Soul Sucking — The End of Anonymity


Digital systems have virtually eliminated a simple privacy many people take for granted in daily life: the idea of anonymity in a crowd.

If there is a unified way to think about what digital systems have done to privacy, it is that they connect contexts: social, spatial, temporal, and financial. If I pay my credit card bill late, I now understand the idea that it could affect my future credit rating. None of us know how our information is being used to make decisions about us.

 Photo by  Antoine Geiger .

Photo by Antoine Geiger.

Facebook proudly report they collected 98 data points every day on each of their 2 billion users, and their facial recognition software can pick you out of a crowd.

Your holiday and graduation pictures, your political affiliations, your interest in Ramadan or Chinese New Year – the list is endless by way of connecting the dots to the point where they have "another you". By using Facebook, you are freely offering them information that they use to estimate the value of your home, your net worth, what ethnicity you are, your income range and much more.

 Zuckerberg's mantra assumes everything is up for grabs without permission. Photo by Eric Risberg (AP).

Zuckerberg's mantra assumes everything is up for grabs without permission. Photo by Eric Risberg (AP).

Sites like Facebook track the websites you visit and collect data to show you the advertisements which could possibly interest you. They buy information about individuals from data brokers – of which there are some 5,000 across the globe. What is scary is that not only is it advertisers who benefit from these data brokers, but intelligence agencies and the police who access these to bypass the laws of collecting information themselves.

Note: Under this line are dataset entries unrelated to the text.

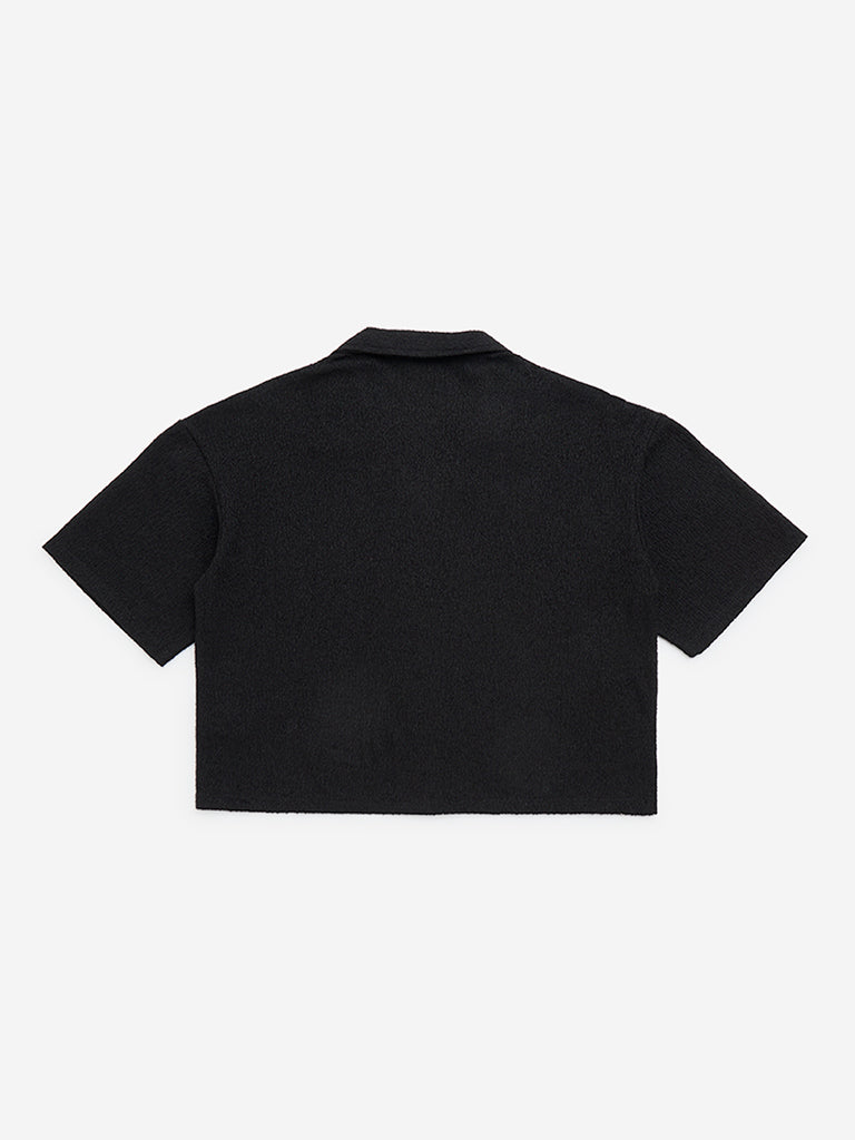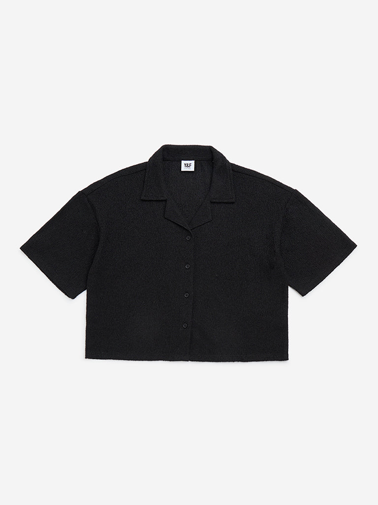 Y&F Kids launches this black shirt in a self-textured profile. Woven from a cotton-blend material. it features a camp collar that extends to a button-up front and short sleeves.
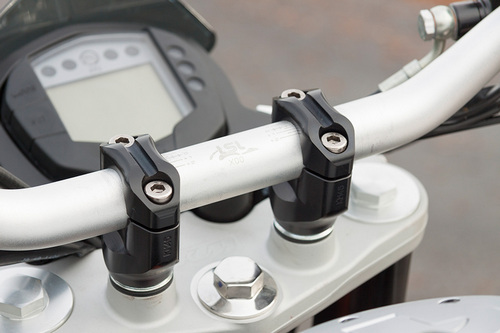 Für die Verwendung von X-Bar-Lenkern (28,6 mm) bietet LSL die erforderlichen Klemmböcke zur Verschraubung in den original Befestigungspunkten der oberen Gabelbrücken an. Die Klemmböcke sind aus hochwertigem Aluminium-Vollmaterial CNC-gefräst. Sie ersetzen die Serienklemmböcke um eine andere Höhe und eine bessere Optik zu erzielen. Sie können in den originalen Befestigungspunkten mit mittig sitzenden M10 x 1.25 mm Schrauben montiert werden. Bei Modellen mit Gummilagerung bleibt diese erhalten.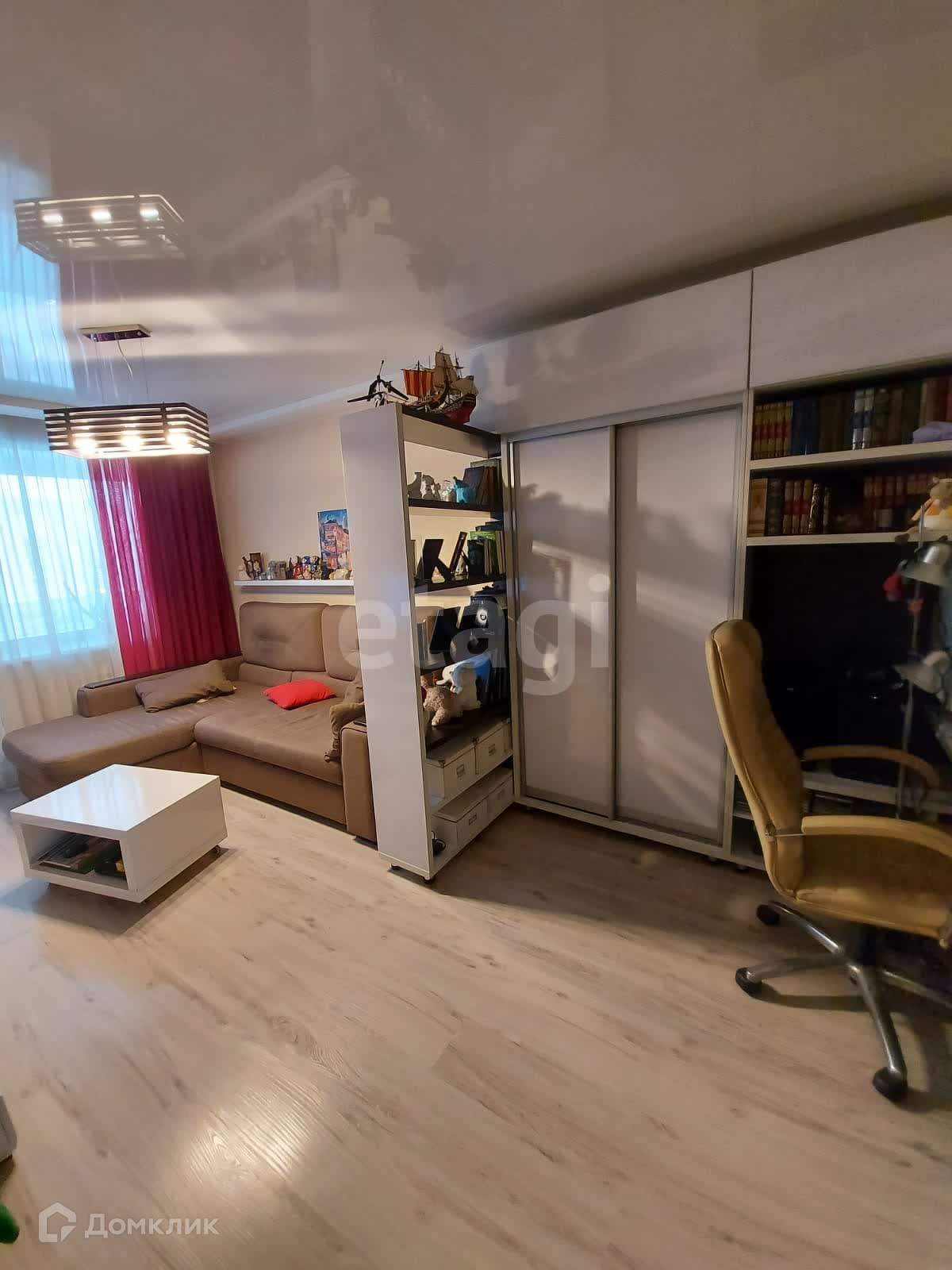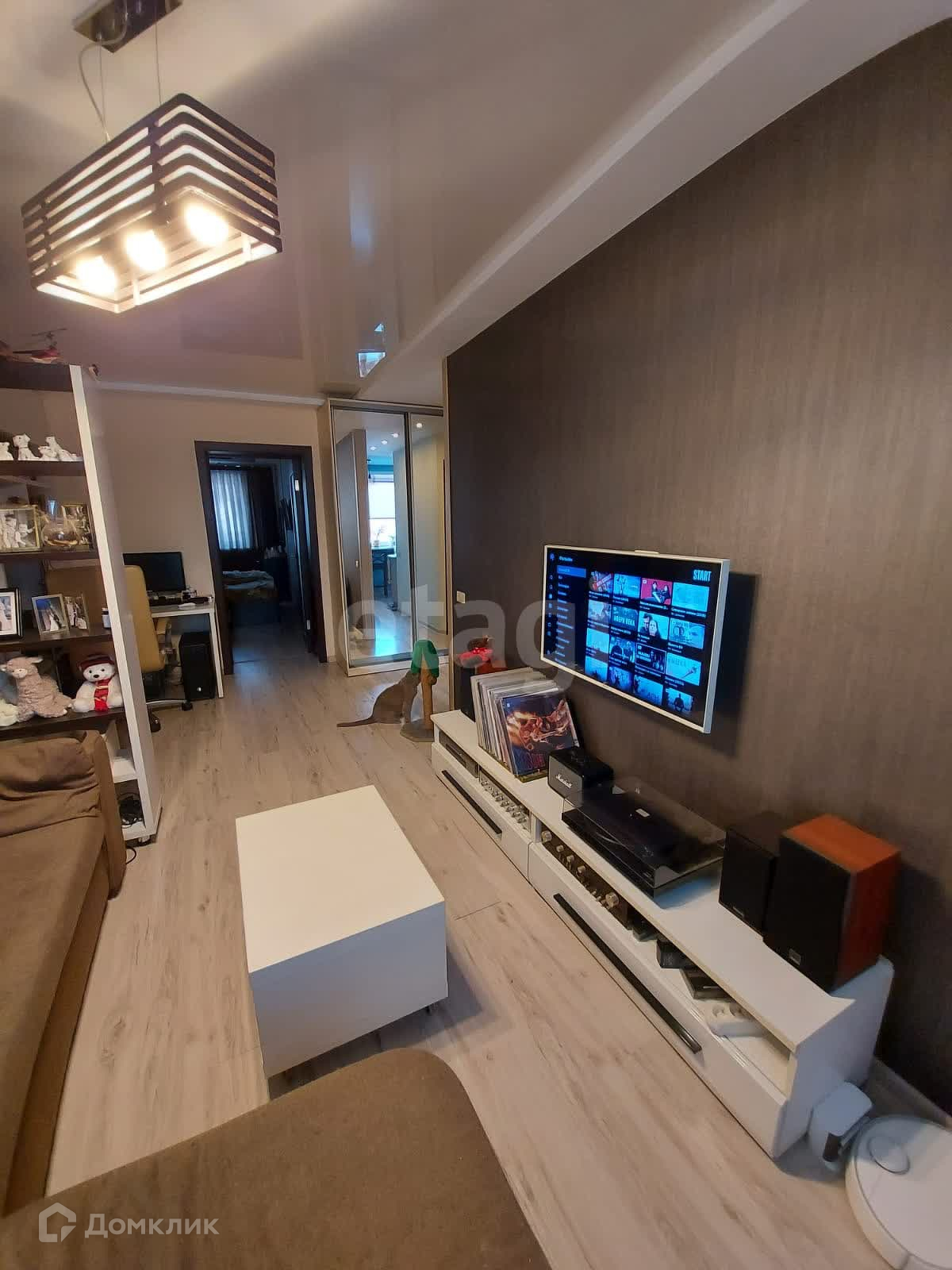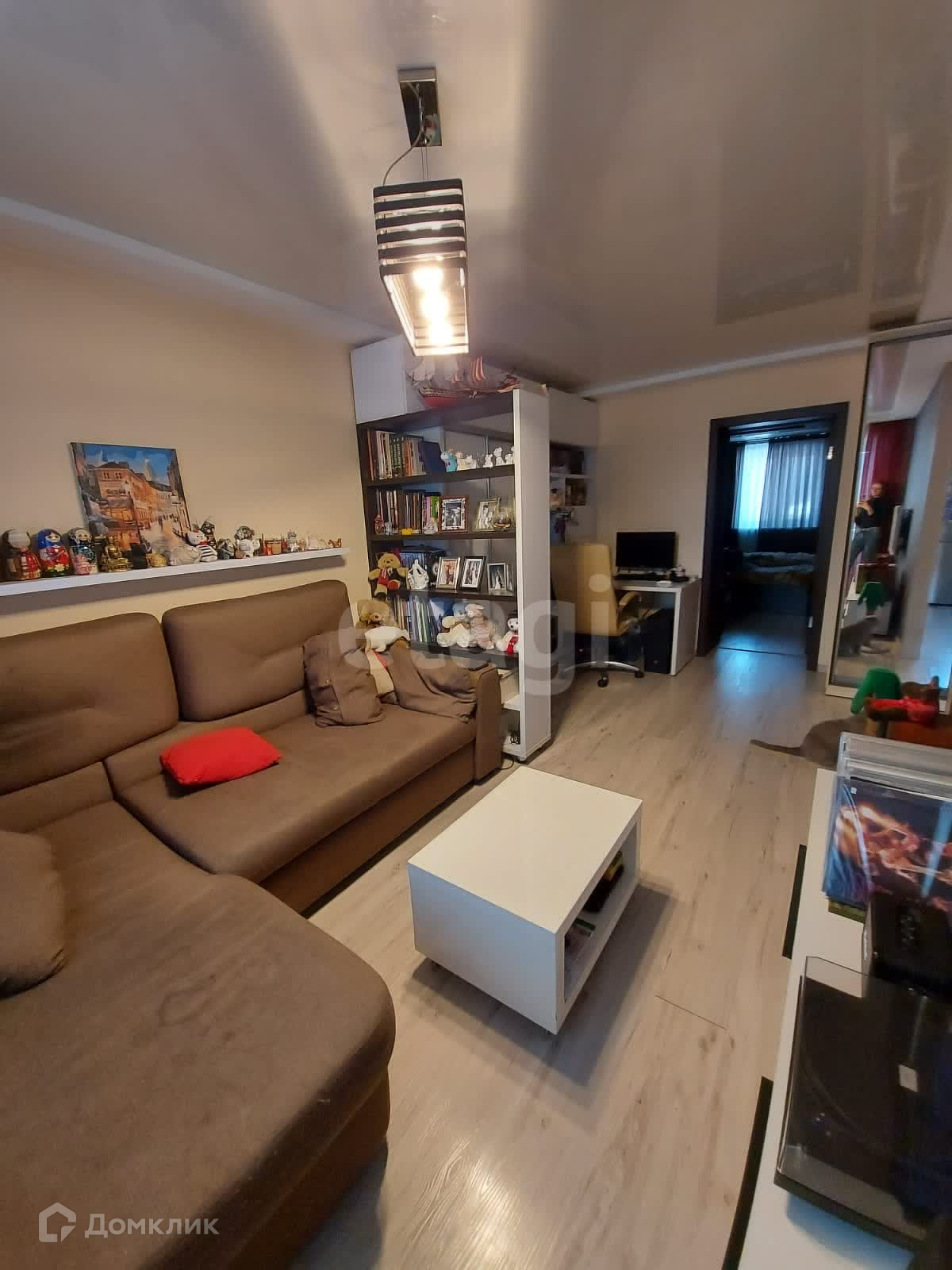Эта квартира — настоящая находка! Она выполнена в едином композиционном стиле и обладает продуманной функциональной планировкой. Просторная гостиная разделена на уютную зону отдыха с G-образным диваном и рабочую зону, что идеально подходит для работы или учебы. Отдельная спальня с огромной кроватью, тумбочками и вместительным платяным шкафом создаст атмосферу уюта и спокойствия. В прихожей расположен зеркальный шкаф, который визуально расширяет пространство.

Mark Zuckerberg has said that privacy is no longer a social norm. But at what point does it also cease to become the political norm?

Facebook has always talked a big game about connecting the world. But, as we were emphatically reminded recently, it often does the opposite; it inherently pushes people into political opinion bubbles.

Fast becoming a media channel, a recent study by the Pew Research Centre found a staggering 66% of Facebook users access their news through the site. During the US presidential elections in November 2016, Facebook was the third main source of news for voters, only falling just behind Fox News and CNN. The Denver Guardian used the social networking site to post false information reading “FBI agent & his wife found dead after being accused of leaking Hillary’s emails.” The post was shared 568,000 times even though the information was entirely fabricated. It spread across the globe at the touch of a button and we can only assume that Hillary's personal brand took a beating.

 Photo by Steven Senne (AP).

Photo by Steven Senne (AP).

So now Germany fears that fake news on Facebook could affect the outcome of the German parliamentary elections in 2017. They are contemplating a new law that can fine Facebook €500,000 for each fake story if it is not deleted within 24 hours.

Zuckerberg previously made light of Facebook’s role in spreading fake news by saying that only 1% of the news made public on Facebook is false. Although Zuckerberg now admits that he was wrong to minimise his company’s responsibility, the issue highlights how it's not the percentage that matters but the viral quality of things that could be said. 

Facebook holds out the promise of a mass personalisation pinpointing users with extraordinary precision.

But despite Mr. Zuckerberg’s protestations and philanthropy, I still cannot accept that his work has some higher social purpose. Every time you go to Facebook, you unleash a mad scramble of money and data that screams along undersea cables through the world's best databases – where everything that is known about you can be plundered by greedy strangers. Quite simply, online Adtech advertisers interpose themselves between buyers and sellers to capture a cut of the revenue. They are extracting millions from small daily transactions around captured attention ­– it's so insidious and beyond most of us. In an attention economy, you pay for free content and services with your time. Lousy compensation I'd say.

 Photo by Paul Sakuma (AP).

Photo by Paul Sakuma (AP).

These days, even staying off social media doesn’t protect you. FindFace is currently taking Russia by storm – it allows users to photograph people in a crowd and work out their identities. Started by another set of young, ego-bloated geniuses like Zuckerberg, it completely dismisses the right to privacy. But this fact seems lost on a media hungry generation. 

It seems the expression "in confidence" as a promise is almost becoming impossible to make. Is your privacy that truly safe with me?

Crazy Horse is one of the most famous American Indians in history, but there are no pictures of him. He refused to be photographed, because he believed the camera would steal his soul.

It seems our egos could well be our soul’s worst enemy. Without privacy, I can’t see the point in being an individual.